The JSON is a series of objects whose keys are the names of the individual objects in the API (interfacename, dictionaryname, elementname, css-attribute-name, etc)
Each object may contain nested objects if the item has members of its own, such as properties, attributes, values for CSS attributes, and so forth
Each object has the following members as well:
– "slug" - the same as “path” in the original, but using the same terminology we use elsewhere in our data
– "title" - same as the original; the name of the item.

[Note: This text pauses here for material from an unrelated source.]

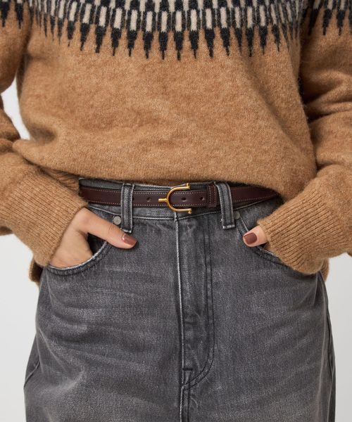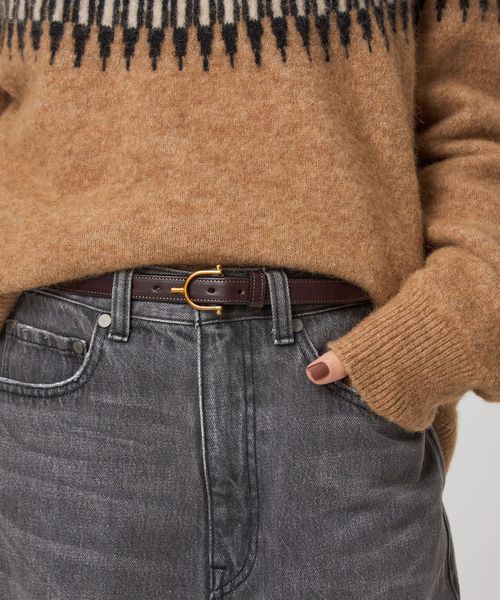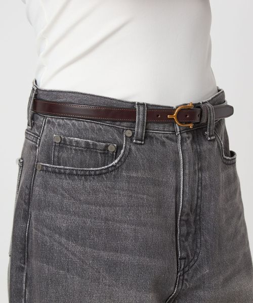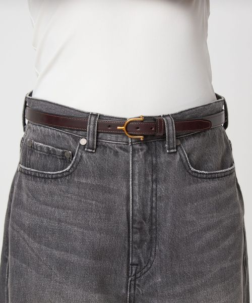 シンプルながらもTORY LEATHERらしい存在感のあるバックルが目をひくベルト。

This is really only needed if the keys are not using correct capitalization though.
– "summary" - same as before; the SEO summary of the item or appropriate substitute as needed

sheppy · September 14, 2018, 5:50pm

One problem with replacing "standard_track" with the spec URL link instead of having both is that you lose the ability to cover the case where “this was once part of the specification but was removed in later specification updates”, which we currently can easily handle.

sideshowbarker · September 15, 2018, 12:39pm

Yes — having the spec_urls data in BCD itself would address the main need here.

But for my use case at least, in order to avoid the need to for me to scrape MDN myself, what would also need to be included is the MDN article titles and summaries.

However, since we’d not want to maintain the article titles and summaries in BCD (I think), one way the could be provided together with the BCD data is by regularly running some kind of build that pulls the data from MDN itself and integrates it with the BCD data and then incorporates into a published distribution:

As I noted in that issue, https://github.com/epistemex/mdncomp-data already provides such a distribution, with the MDN summaries and spec URLs — and may eventually also include the article titles — but I hope the MDN staff team can consider providing the same thing upstream in some way.

sideshowbarker · September 15, 2018, 12:38pm

I’d be happy to have it in any form at all. For my use case, it wouldn’t need to be distributed as one big file — or even as a file at all. What I’d really prefer is an API that exposed it.

exe-boss · September 15, 2018, 12:46pm

Another solution might be to create an npm package containing specification data (it might also make it possible to move SpecData.json out of the KumaScript repository.

sheppy · September 16, 2018, 3:41pm

Yeah, that would be a good approach.

I think that would be awesome, except for the issues of hosting and the costs of maintaining the service. I don’t think we have the bandwidth on a personnel level to handle it.

sideshowbarker · September 17, 2018, 12:29am

So I’m actually now realizing that having the spec_urls data in BCD wouldn’t be sufficient for my use cases — and I think for other use cases as well.

The reason is that BCD only contains data for a subset of the material having MDN articles with Specifications tables.

Take for example the following article:

That MDN article has a link to this HTML spec section:

https://html.spec.whatwg.org/multipage/webappapis.html#event-handler-attributes

But since the MDN article itself isn’t an article for a single interface/object or method or property or whatever, there’s never going to be a item in BCD with an mdn_url for that article.

Among the ~750 IDs in the HTML spec that are linked to from MDN articles, it looks like there are about 50 of them that don’t (won’t) have corresponding data in BCD.

So I think even if/when the spec_url data is added to BCD, we still have use cases that would benefit from having the kind of which-articles-link-to-which-specification-URLs data proposed here.

Along with this being useful for the HTML spec, it would also enable the Bikeshed and Respec tools to add MDN annotations to specs.

Given that Bikeshed and Respec are the tools used for generating the published versions for most all the current specs for the web platform, that’d mean we’d have most all specs with annotations linking back to MDN articles.